The New USP

Paul Simister, a UK business strategy coach suggested that the Unique Selling Proposition for brands is all but dead. It should be replaced by the USP (Unique Story Proposition). I completely agree. Paul suggests thinking about a new USP that...

 Stories, background and context are what distinguish brands today, not some sales-related point of differentiation. Differentiation is like an arms race with never ending challenges to add more features. Just think of the toothpaste category

“Our toothpaste will whiten your teeth, refresh your breath, heals your gums, relax your wavy hair and increase your Twitter following”

Markets aren’t what they once were when Rosser Reeve conceived the USP in the 1940’s. Channels are fragmented. Brands proliferate. Selling has changed in dramatic ways and consumers learn about products through new platforms and from their own communities not solely from advertising. 

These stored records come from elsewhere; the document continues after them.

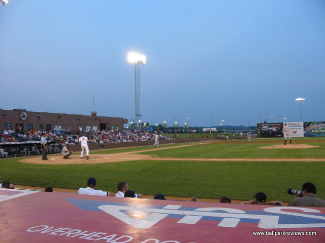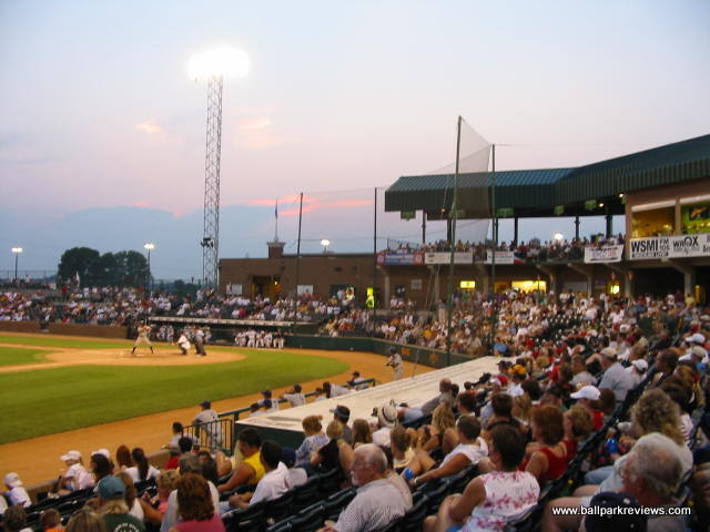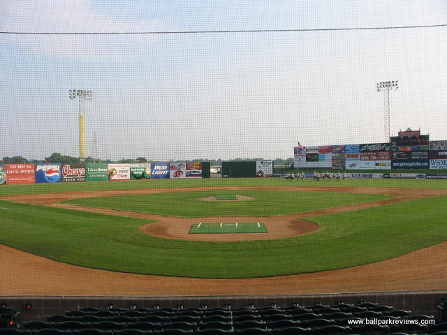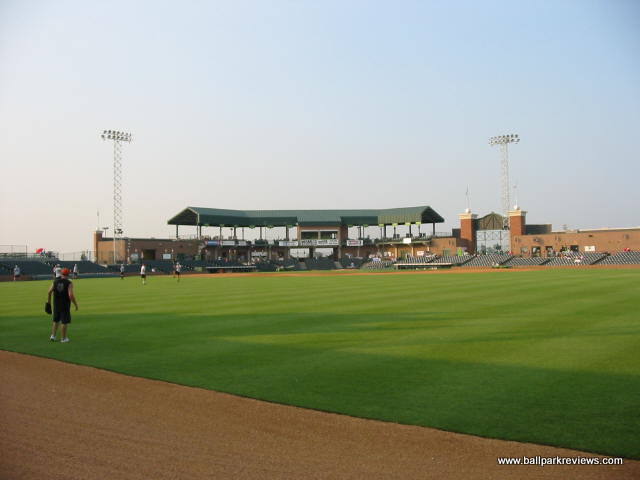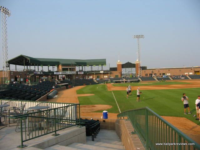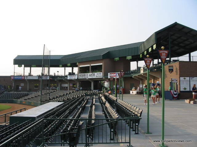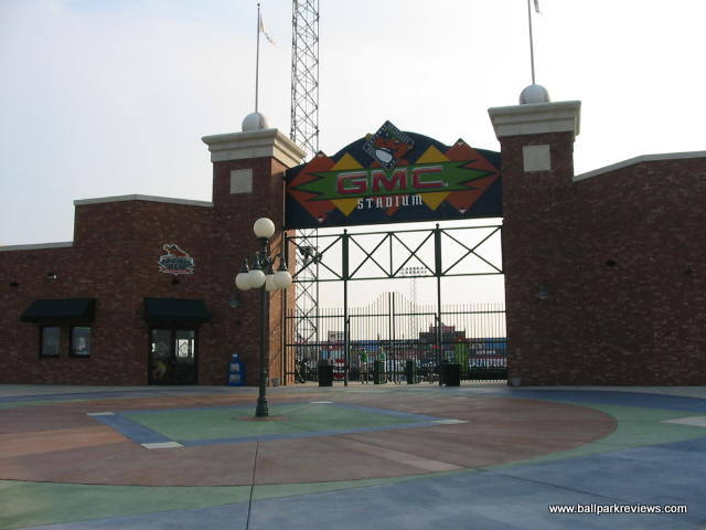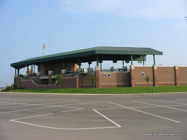 | Keeping with the Frontier League tradition of using parks that are a bit different, Gateway built a new park, that while follows a similar template, has enough differences to make it unique and refreshing. GMC Stadium is probably most similar to Troy's Bruno Stadium. The concourse is completely open and overlooks the field. While it doesn't circle the park entirely, it does go into right field where grassy berms are located. While the park does have luxury boxes, they are not stacked over the concourse, but are located behind it. Usually I don't pay much attention much to the luxury boxes, but here they are one of the unique aspects. They are open air and are each numbered/named after a famous St. Louis ballplayer (i.e. #1 Ozzie Smith, #6 Stan Musial, etc.) Because there are only about 10 rows of seating, all seats are close to the field and provide good sightlines. There are also two grassy berms for overflow crowds - one along the third base side and one in right field behind the outfield fence. Picnic areas are located behind the seating on the first base side and outside the park in right field. Two small hot tubs in the right field corner are also available for rent. Concessions, while well varied, are average in quality and price. The atmosphere was pretty typical of a minor league park. Lots of music is blared between at-bats and innings, so it is rarely peaceful. The Grizzlies do have a good mascot, "Izzy". He is extremely active and even somewhat entertaining. GMC Stadium is located right off of I-255, next to a small airport. While the St. Louis skyline and arch can be seem from outside the park, it's unfortunate that they weren't able to face the ballpark towards it. It would have improved the setting immensely. Parking is plentiful and free. Despite my complaints about the atmosphere, I enjoyed my visit to GMC Stadium quite a bit. It is always nice to see a park where the team didn't feel the need to copycat many of the other new parks being built. For this reason, it is quite memorable.
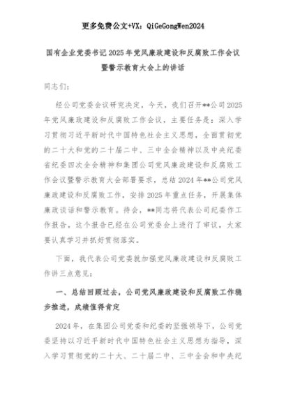 【七哥公文】2025年:国有企业党委书记2025年党风廉政建设和反腐败工作会议暨警示教育大会上的讲话+更多免费公文+VX:QiGeGongWen2024+更多免费公文+VX:QiGeGongWen2024
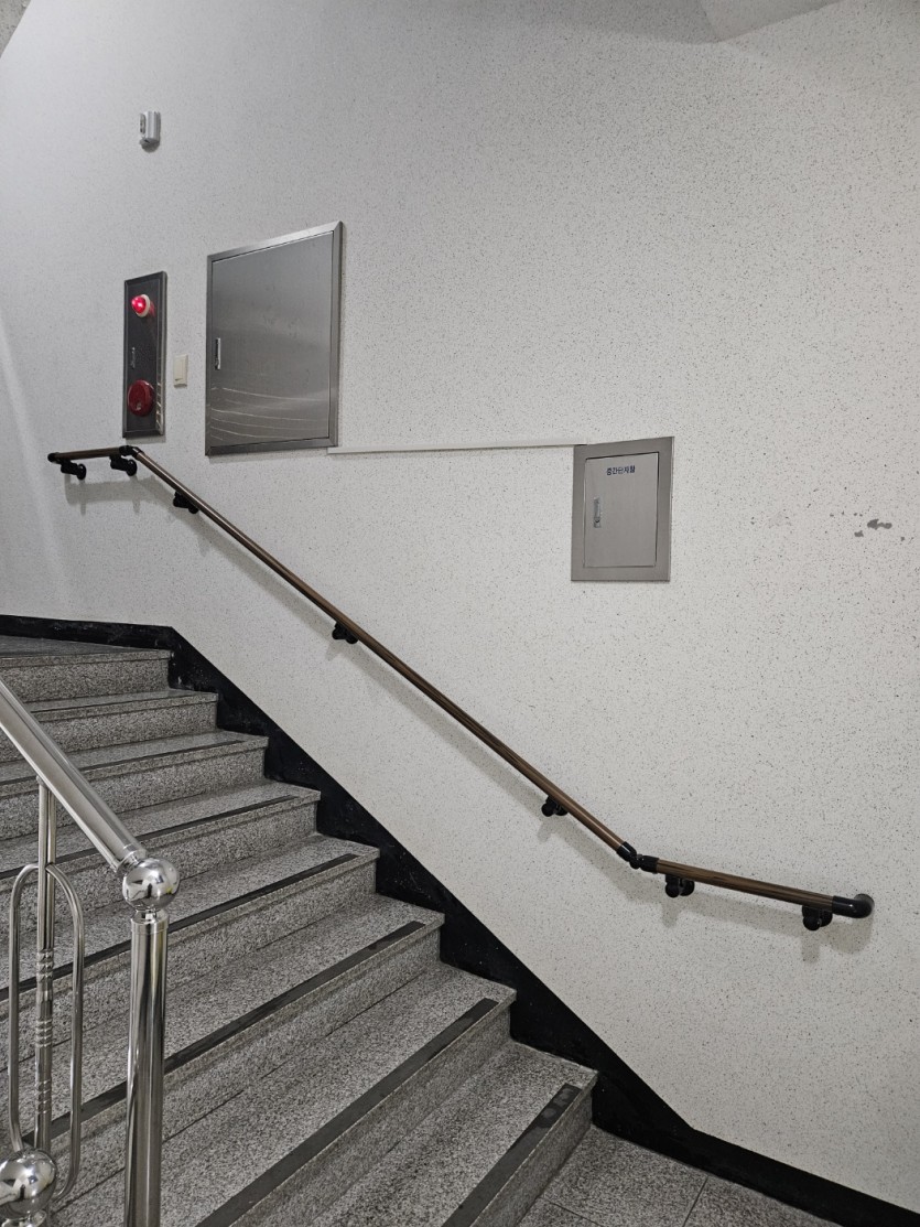 어린이나 노약자 이용이 많은 계단실에 핸드레일을 설치하여
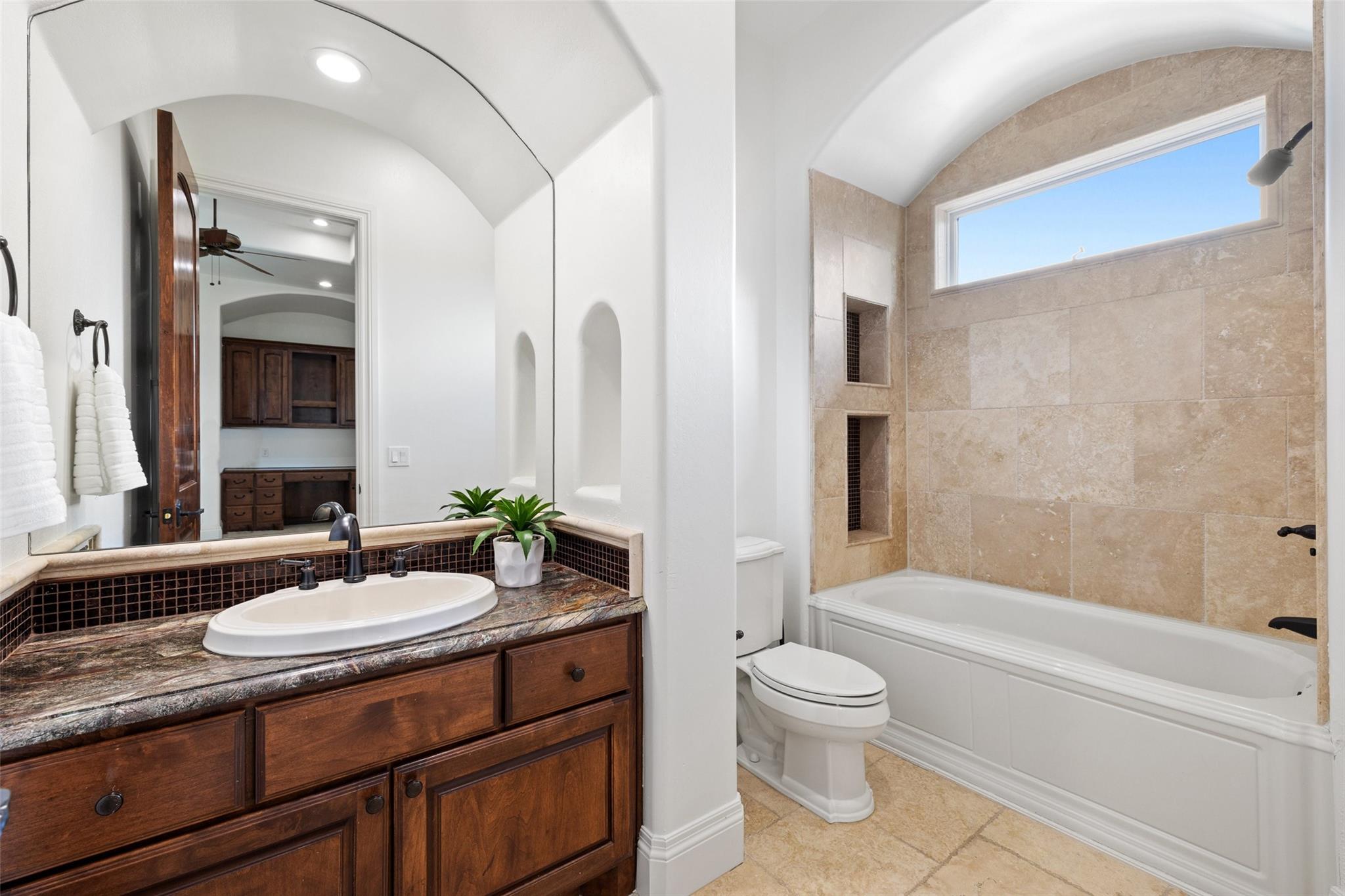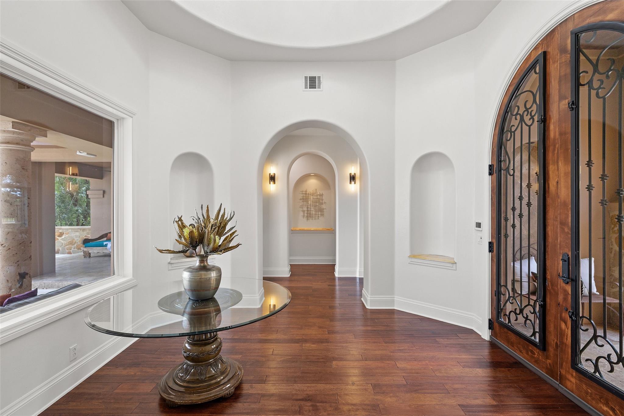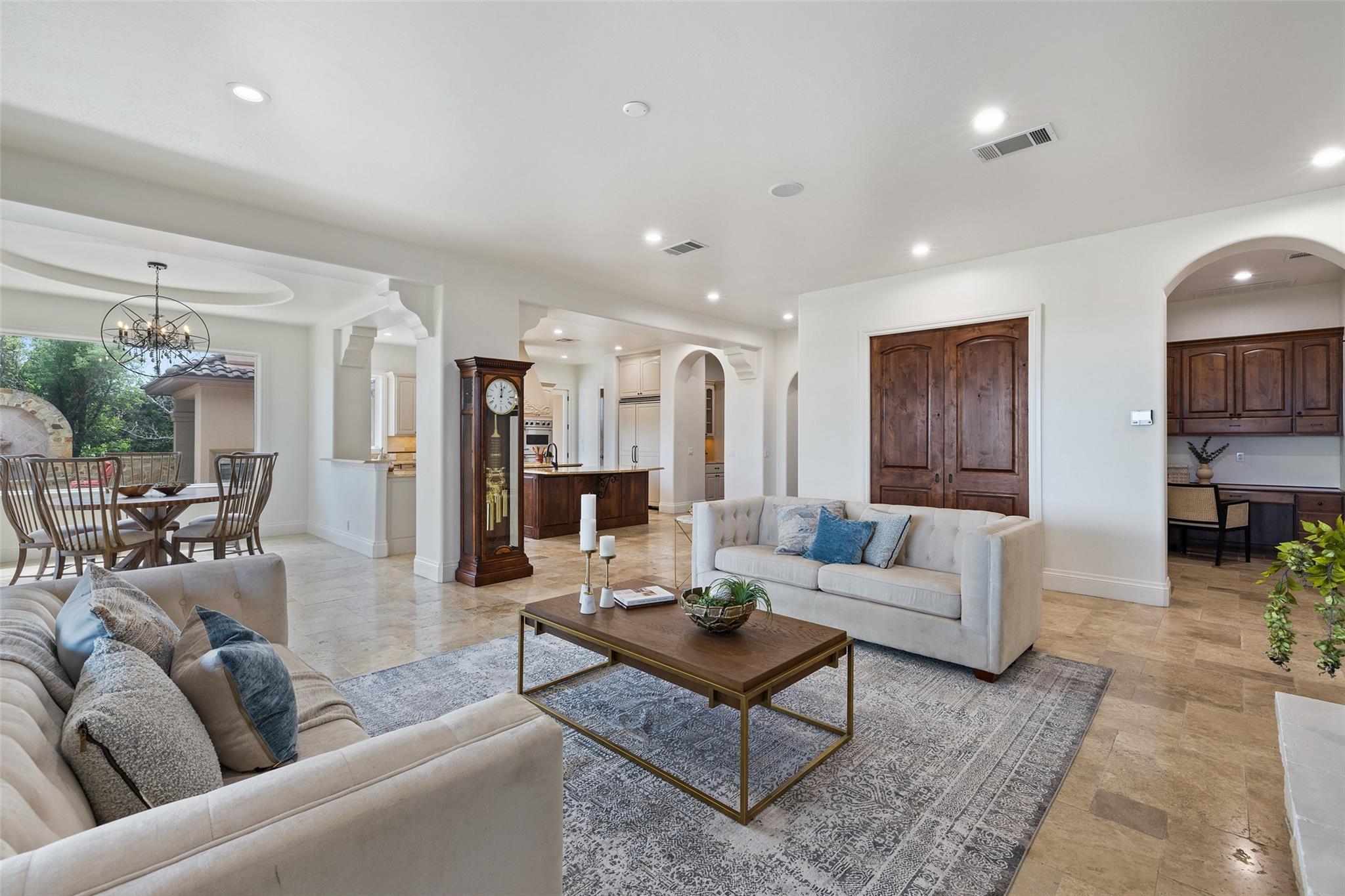 Welcome to 4805 Mirador in the gated community of Barton Creek! This beautiful property sits on 2.5 acres of lush land. With an infinity-edge pool, bocce ball court, playscape, and multiple outdoor sitting areas, the backyard offers a serene retreat. The home boasts 5 bedrooms, each with ensuite bathrooms, 3 living areas with fireplaces, a dedicated office, a media room, a flex room, and a wine room. The main floor includes two primary suites, one featuring a luxurious bathroom, a fireplace, and two large closets with ensuite laundry. The kitchen is equipped with top-of-the-line appliances, two large islands, and opens to casual living and dining areas. Upstairs is a spacious living area with beautiful views and a covered patio, media room, 3 additional bedrooms, and a flex space. Residents of Barton Creek enjoy an array of luxurious amenities that cater to their every need. It offers access to a private clubhouse complete with state-of-the-art fitness facilities and a resort-style swimming pool. With concierge services, gourmet dining options, and breathtaking views of the surrounding hill country, living in the Mirador section of Barton Creek epitomizes upscale living at its finest. Expansive decks on both levels offer breathtaking views of the serene surroundings, while four indoor fireplaces and one outdoor fireplace create cozy ambiances for any occasion. With a 3-car garage and ample parking within the private gate, convenience is ensured. Enjoy the tranquility of hill country living while being just a short distance from downtown Austin's vibrant amenities.

The power has shifted and my friend's recommendation to try a new wine or running shoe carries far more influence than an ad. Brands must align and can’t just hit me over the head over and over and over again with messages that interrupt me without my permission.

In the 1990’s P&G developed a USP for Pampers that they were the driest diaper of all the choices. Over time, consumers became emotionally connected to Huggies and challenged Pampers. As Bernadette Jiwa, an Australian marketing thought leader describes, the consumer doesn’t want different, they want difference. 

The distinction is important. 

The consumer falls in love with products that make a difference in their lives not because of a product’s features.

A unique story is vital to a brand’s health. It helps to embed the benefits of building a relationship with a consumer in ways that advertising just can’t match. Sharing within your community turns GRP’s (Gross Rating Points) on its head. 

Can you imagine the ALS Ice Bucket Challenge as an advertisement working versus what happened on social media as friends challenged friends? It was the shareable story that motivated millions to donate and dunk themselves - not a paid advertisement. 

What is your Unique Story Proposition?

How is it different from your competitors?

Is it authentic to your company’s values?

Is everyone in your organization telling the same story in their own voice?

Where does the storytelling happen? 

What time of day is best for sharing your story? 

Does it align with the needs of the community you serve?

Who is telling your story – your customers or your ad agency?